In what way can the rise of China be considered a success? Will the current financial crisis offer an opportunity for China to surpass the US? Will the US, the sole superpower in the world, and China, the fastest growing regional power, cooperate with each other? The Global Times and the Tsinghua University invited Thomas P. M. Barnett, the author of widely discussed work, The Pentagon’s New Map:Blueprint for Action, and Yan Xuetong, director of the Institute of International Studies at Tsinghua University, to address these crucial questions. The following are the excerpts of the discussion. 

How will the rise of China come to an end?

Yan Xuetong: My recent study of the ancient writings of the Qin Dynasty (221-207BC) revealed one discovery: strategy is not designed by scholars and then carried out according to that blueprint. As for China’s strategy, I don’t think we have one. Chinese politicians are looking to resume China’s historical position. The question is what position should be assumed to achieve this goal.

Today, the dominant idea is that of Deng Xiaoping, which asserts that we need to build up a strong economy first and only then discuss China’s resurgence. But any country or superpower in the world bases such concerns on comprehensive power.

If there is a huge gap between the military and the economy, then there is no way to become a leading power. And even if we have the equal military and economic power, but lack the will to take a risk in leading the world, we still cannot become the leading power because our political power is very weak. So it is necessary to maintain and grow in parallel the elements of political, economic, military and cultural power.

Yan Xuetong

Thomas Barnett: My sense is the perceived crisis and the actual crisis in the global economy and the accompanying sense of a leadership crisis in terms of world affairs come about 10 years too early for China.
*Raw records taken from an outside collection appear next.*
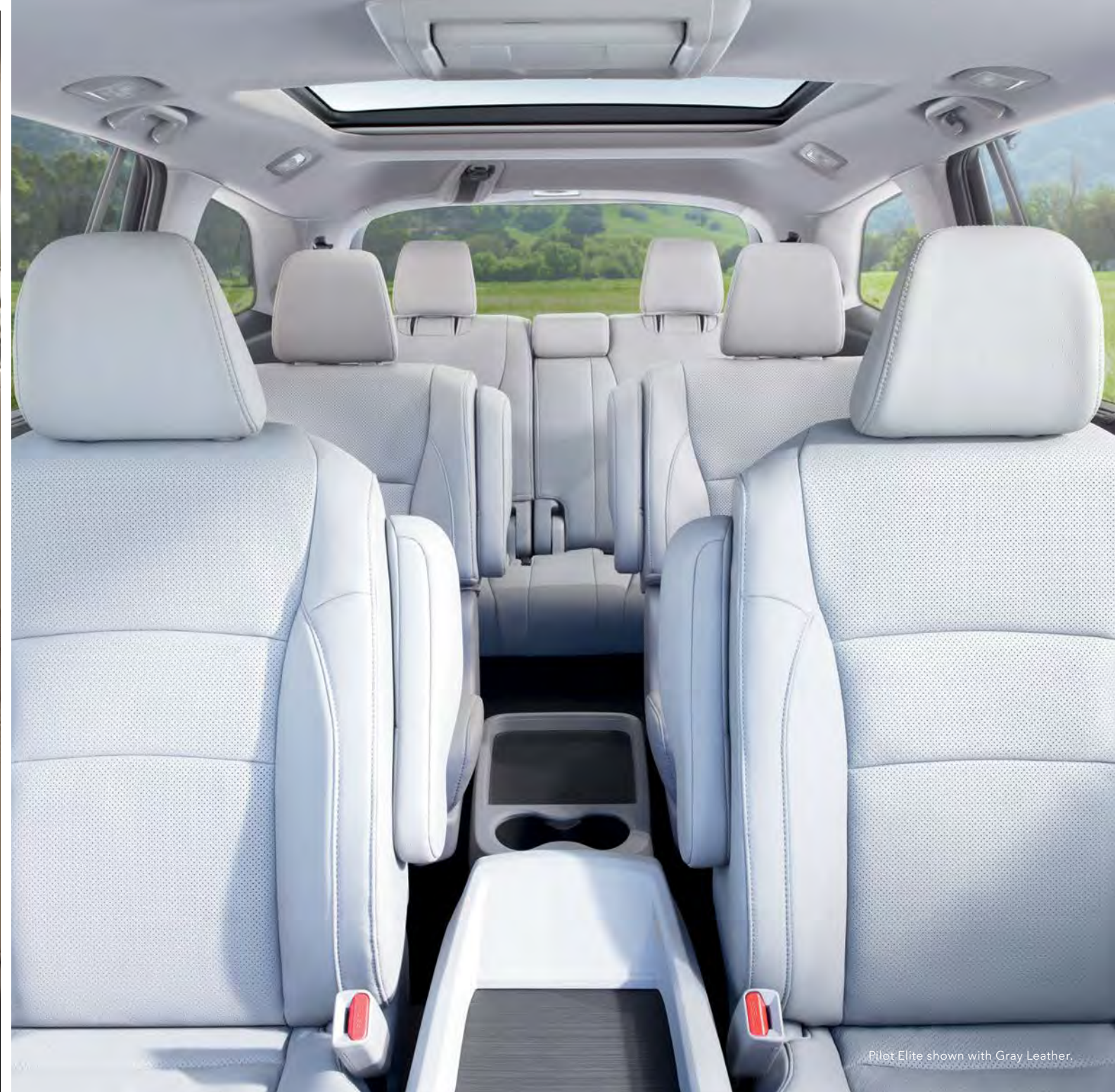
Pilot Elite shown with Gray Leather.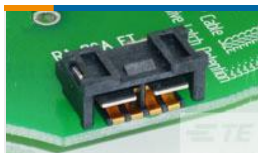
TE Part #1982295-2 ELCON MINI 2P RA HEADER, W/O CODING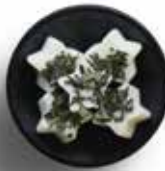
Green Tea & Lemongrass WM007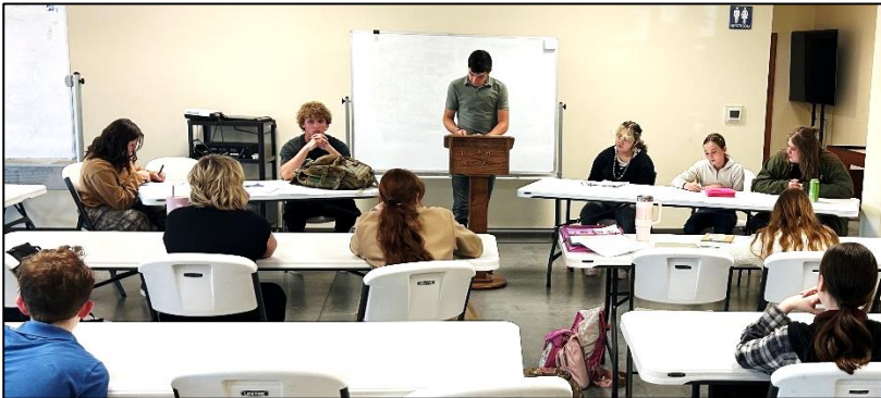
Epsilon and Omega Classes in Debate teams, judges.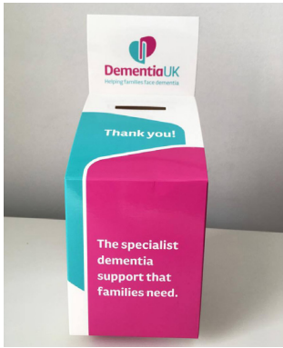
Cardboard collection box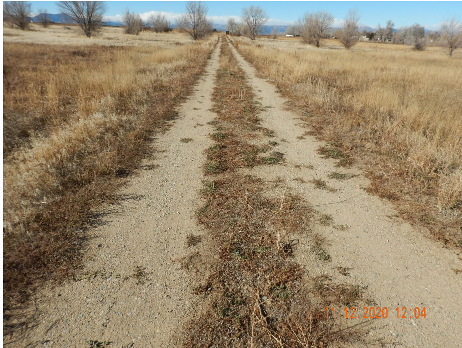
Photo 1. Photo taken from the entrance of the location off Hwy 287, facing West. Photo illustrates the Operator has failed to perform final reclamation activities.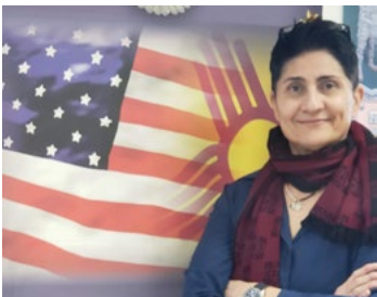
University of New Mexico Taos Veterans Upward Bound

Without the support from the VUB program for Veterans, I would not be able to complete my degree in Psychology and improve my marketing potential. I am so grateful for VUB.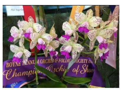
C. Jungle Queen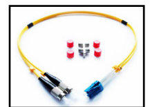
Model# LC/FC DUP LC/PC to FC/PC Adapter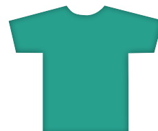
NUTRITIONAL SERVICES Mauve Blue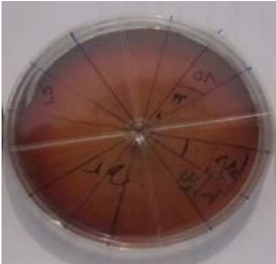
Figure 2. Calculation of the colony-forming units per milliliter (CFU/ml).

If this crisis happened in the year 2020, as opposed to 2009, China would be further along in its development and would have leadership in place that would be well into its tenure.

China has not been completely transparent in its ambitions. China is not presenting a strong definition of where it wants the world to go and is saying simply that it wants to return to its rightful place. China is having such a huge impact on the world in its demand for resources, that answer isn’t enough of one to make the rest of the world comfortable.

China has a huge opportunity to present to the world a definition of development and middle-class existence that does not use the same resource pattern that the West used over the past two centuries. If this is not the case, the sheer demand used by China in achieving a middle-class lifestyle may ultimately be so destabilizing environmentally for the planet that the future is likely to be decided by resource wars between the US and China.